Of course, his foreign partners aren't left in the cold. At the inaugural, they got VIP treatment according to Mother Jones.

But Trump made clear that existing foreign deals would remain in place. Partners in two of those projects—Tanoesoedibjo, with whom Trump is developing a pair of luxury resorts in Indonesia, and Hussain Sajwani, a Dubai-based real estate developer who has licensed Trump's name for luxury villas and lush desert golf courses—attended the inaugural festivities.

It's possible he should just continue to do this out in the open, because it's giving CREW a lot of ammunition for their lawsuit, filed last week.

Since Trump refused to divest from his businesses, he is now getting cash and favors from foreign governments, through guests and events at his hotels, leases in his buildings, and valuable real estate deals abroad. Trump does business with countries like China, India, Indonesia and the Philippines, and now that he is President, his company’s acceptance of any benefits from the governments of those countries violates the Constitution. When Trump the president sits down to negotiate trade deals with these countries, the American people will have no way of knowing whether he will also be thinking about the profits of Trump the businessman.

“President Trump has made his slogan ‘America First,’” said Bookbinder. “So you would think he would want to strictly follow the Constitution’s foreign emoluments clause, since it was written to ensure our government officials are thinking of Americans first, and not foreign governments.”

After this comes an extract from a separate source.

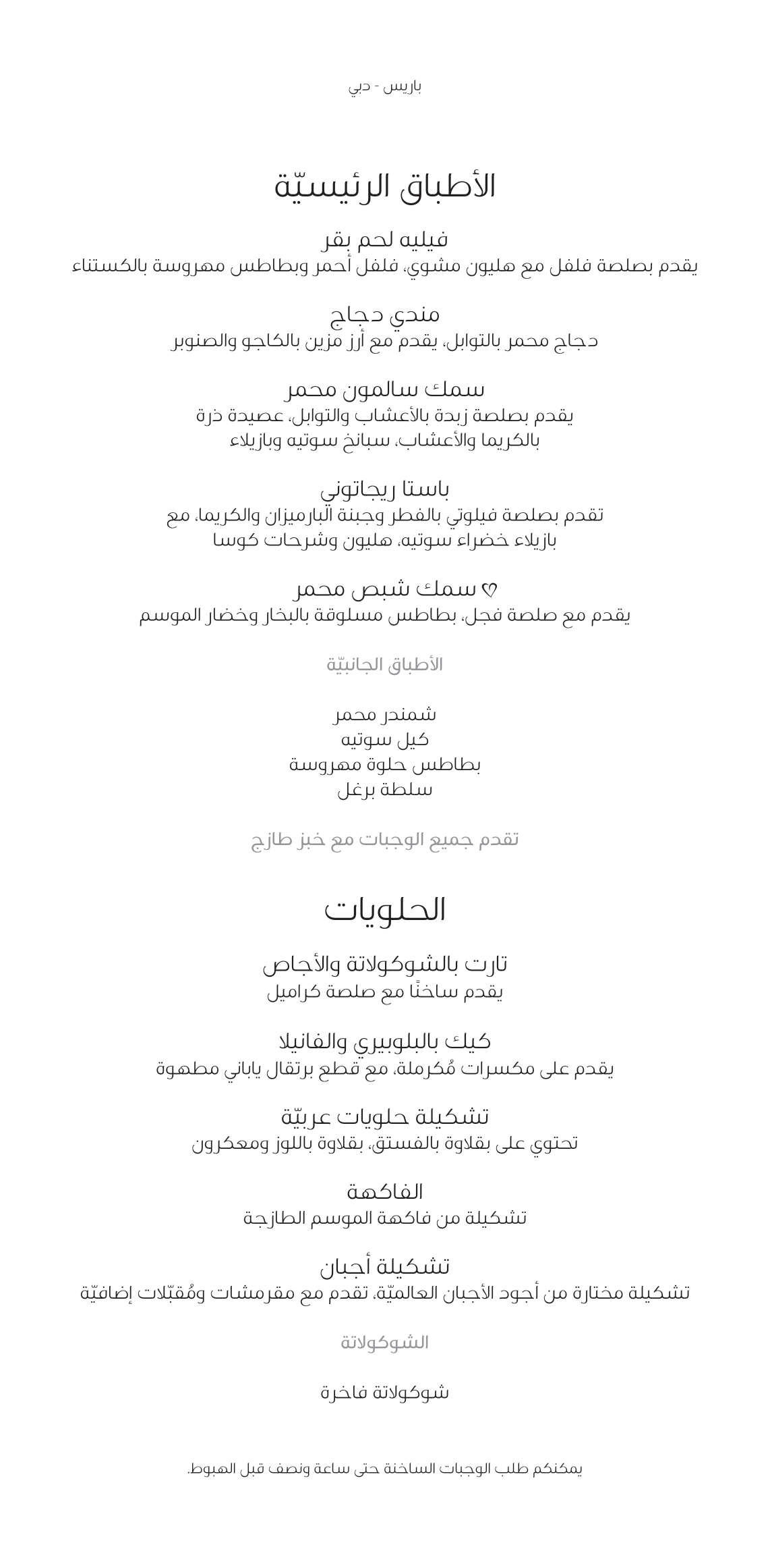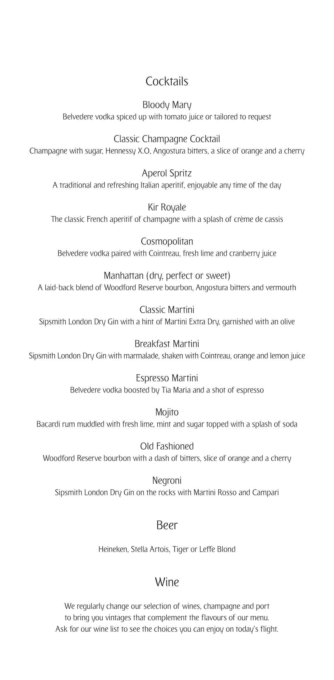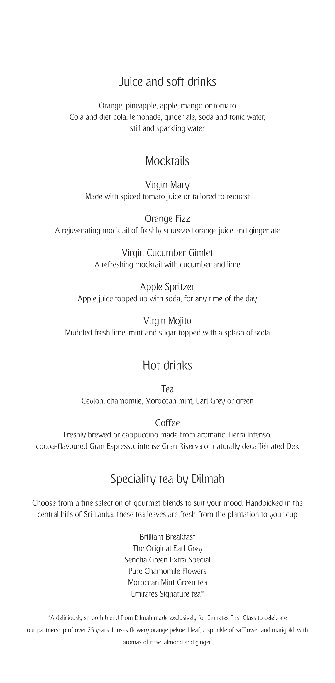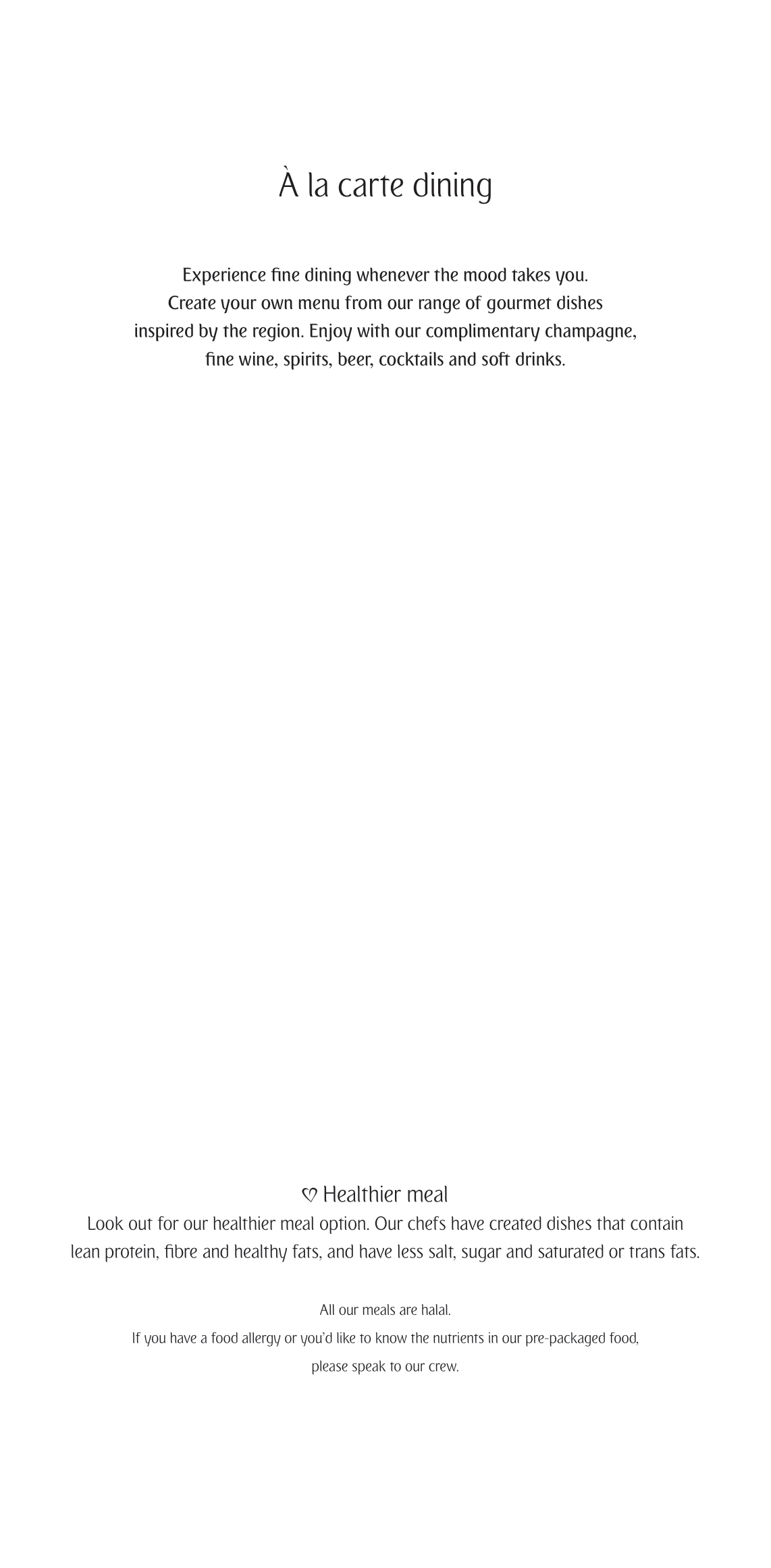 Shortly before takeoff, the crew member stopped by my seat to take my meal orders from the menu, which read as follows:

CREW is represented in the case by an all-star team of top constitutional scholars, ethics experts and litigators who have combined to argue 45 cases before the Supreme Court. The lawyers on the case include CREW’s board chair and vice-chair Norman Eisen and Richard Painter, the top ethics lawyers for the last two presidents, Constitutional law scholars Erwin Chemerinsky, Laurence H. Tribe and Zephyr Teachout, and Deepak Gupta of Gupta Wessler PLLC.